Pepsi said Friday it secured approval from the Philippine Stock Exchange to delist or stop trading shares in the local bourse. Should you be worried if you are on that side of the softdrink wars?
The arch-rival of Coca-Cola simply fell short of the minimum public float after South Korea's Lotte Chilsung bought a stake in the Philippine unit. A public float refers to the number of shares that are traded.
After the Lotte buy-in, Pepsi Cola Products Philippines' public float fell below the 10% minimum, to 2.1%. The delisting took effect Friday.

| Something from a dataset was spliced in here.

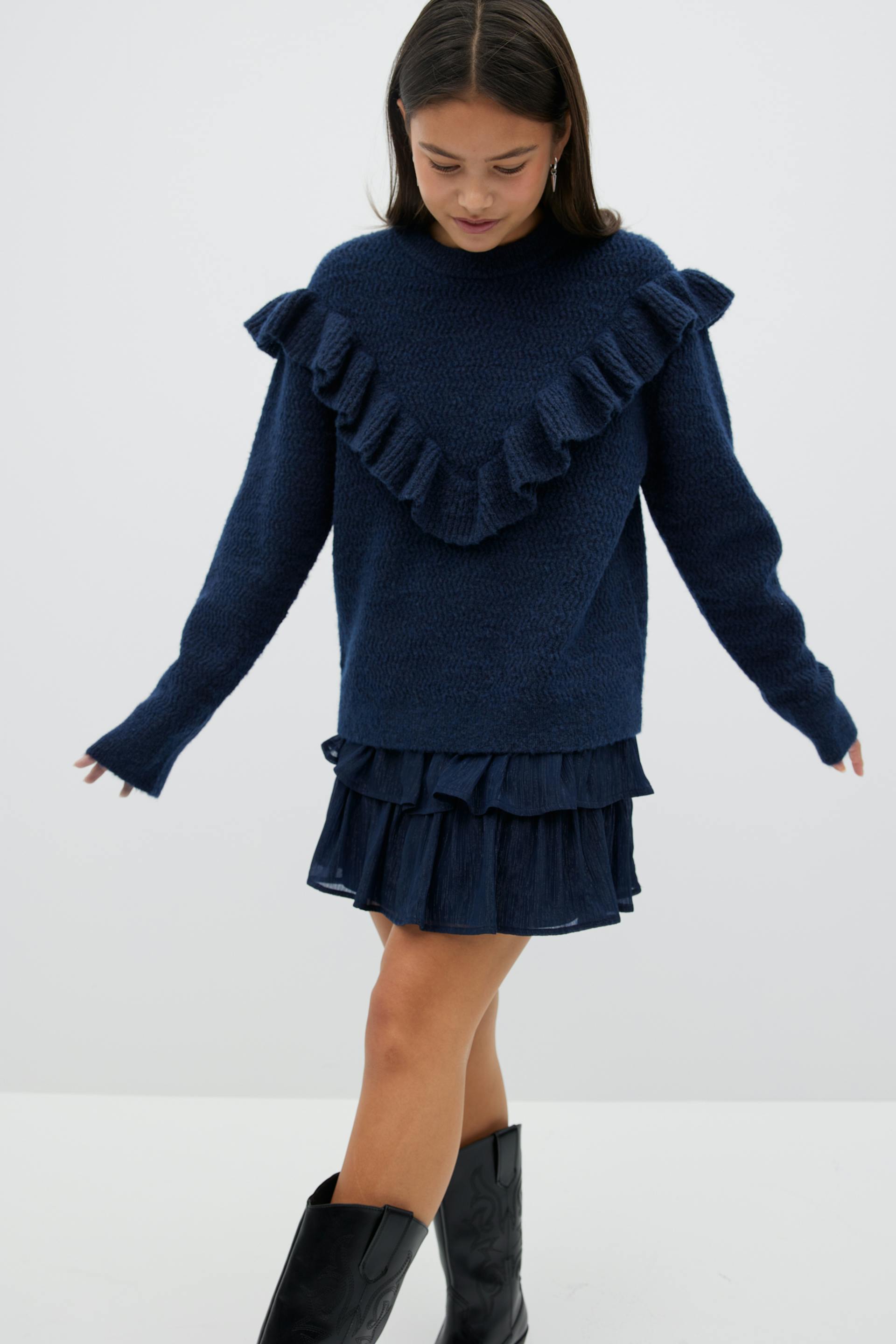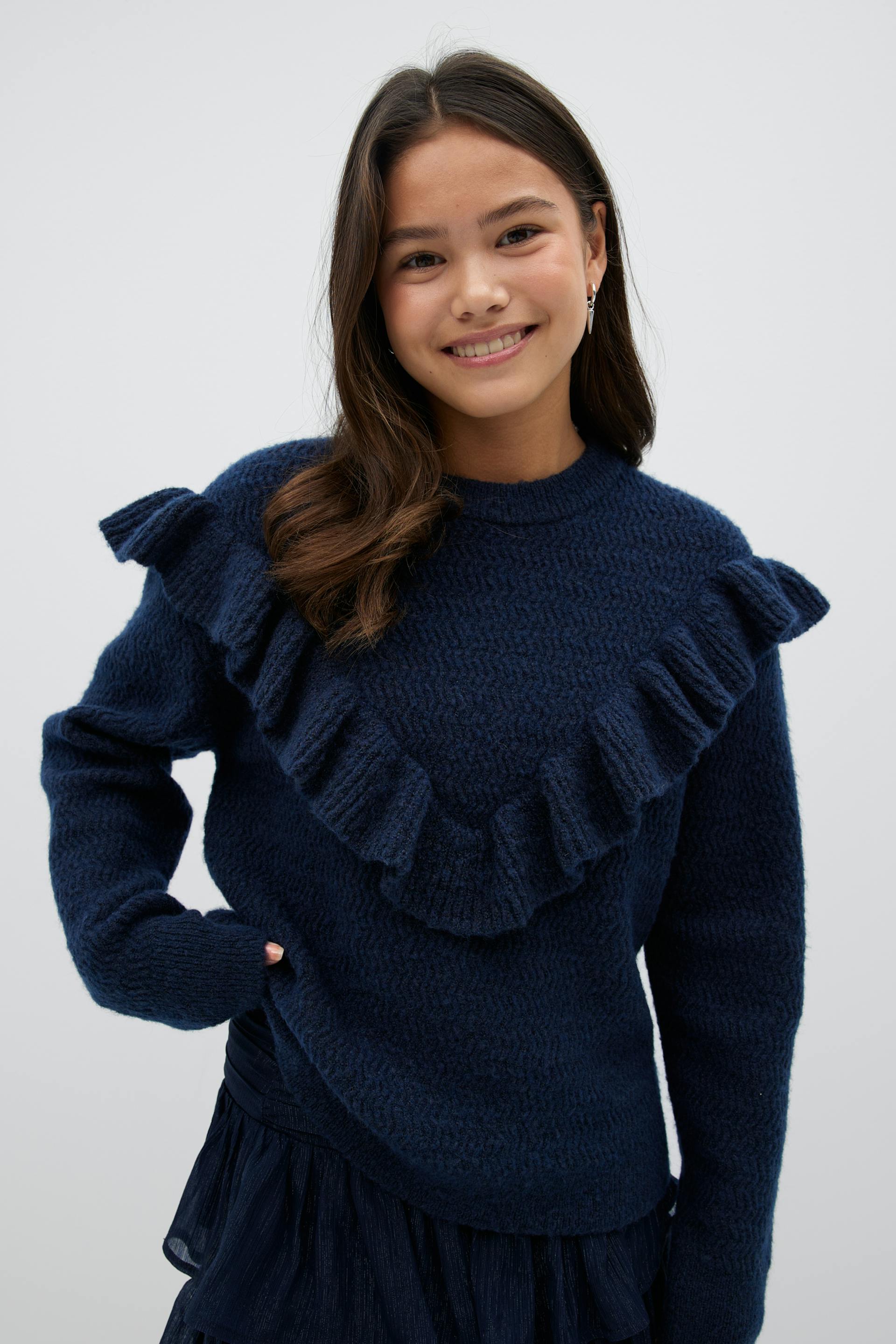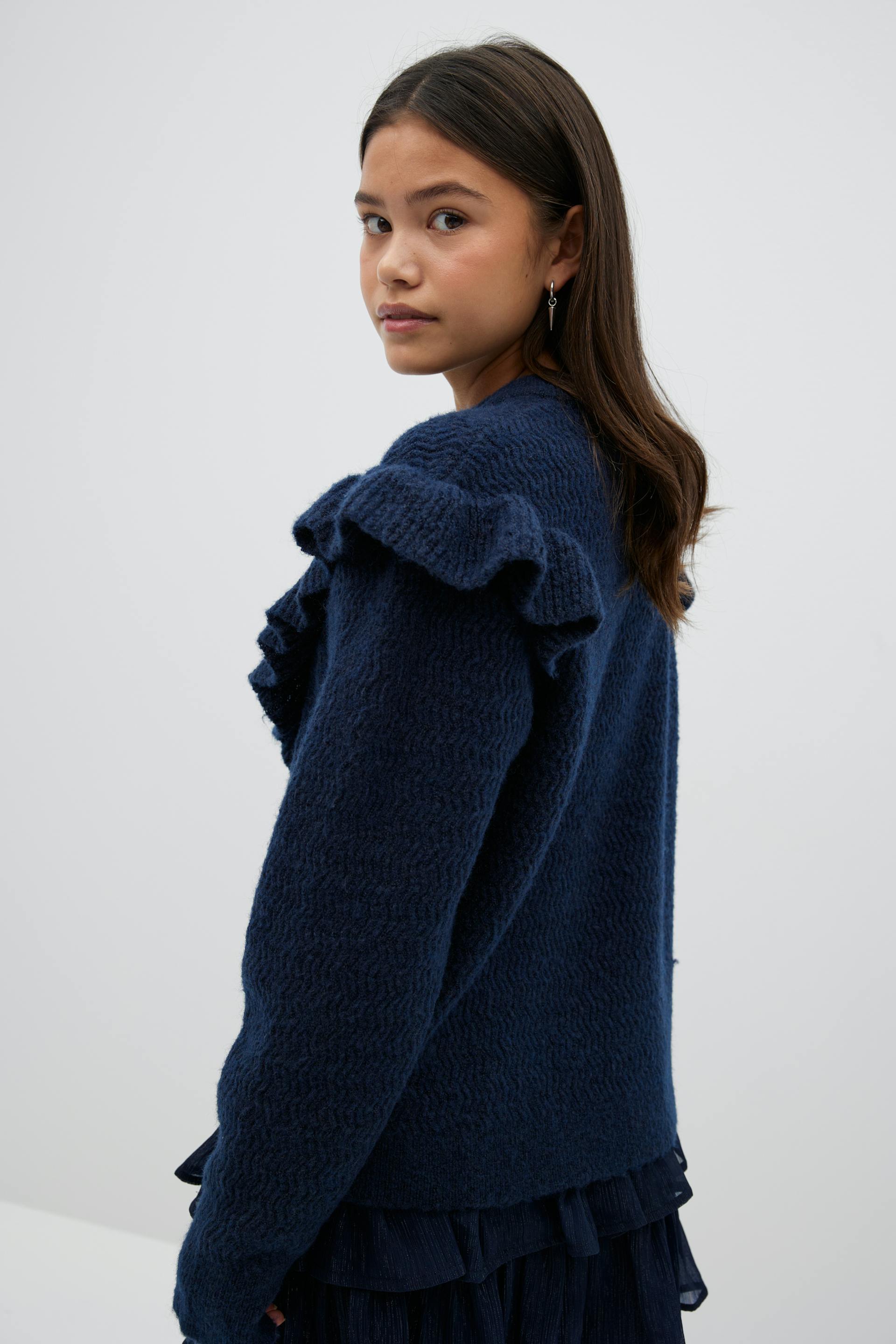 Knitted sweater with frill details at the front and around the shoulders. The sweat is navy and has oversize fit. It has round neckline and long sleeve.

Lotte Chilsung's acqusition of Pepsi in the Philippines has been ongoing since 2019. In the process, Pepsi moved to focus on its beverage offerings, including Pepsi Cola, Mountain Dew. 7-Up and Mirinda.
In September last year Pepsi in the Philippines stopped locally producing Cheetos, Lays, Doritos, Ruffles, Red Rock Deli, Fritos, Tostitos, Sunchips, Smartfood, Munchies, and Rold Gold. The snacks will be imported.
It's been a busy week for news on the softdrink front. Coca-Cola said it was cutting 2,200 jobs globally. RC Cola dropped the sequel to its mind-blowing commercial. Then there are those who wondered what happened to Pop Cola.
Pop Cola's parent, Cosmos, was also forced to delist but the circumstances are different compared to Pepsi. Cosmos was acquired by a direct competitor, Coca-Cola.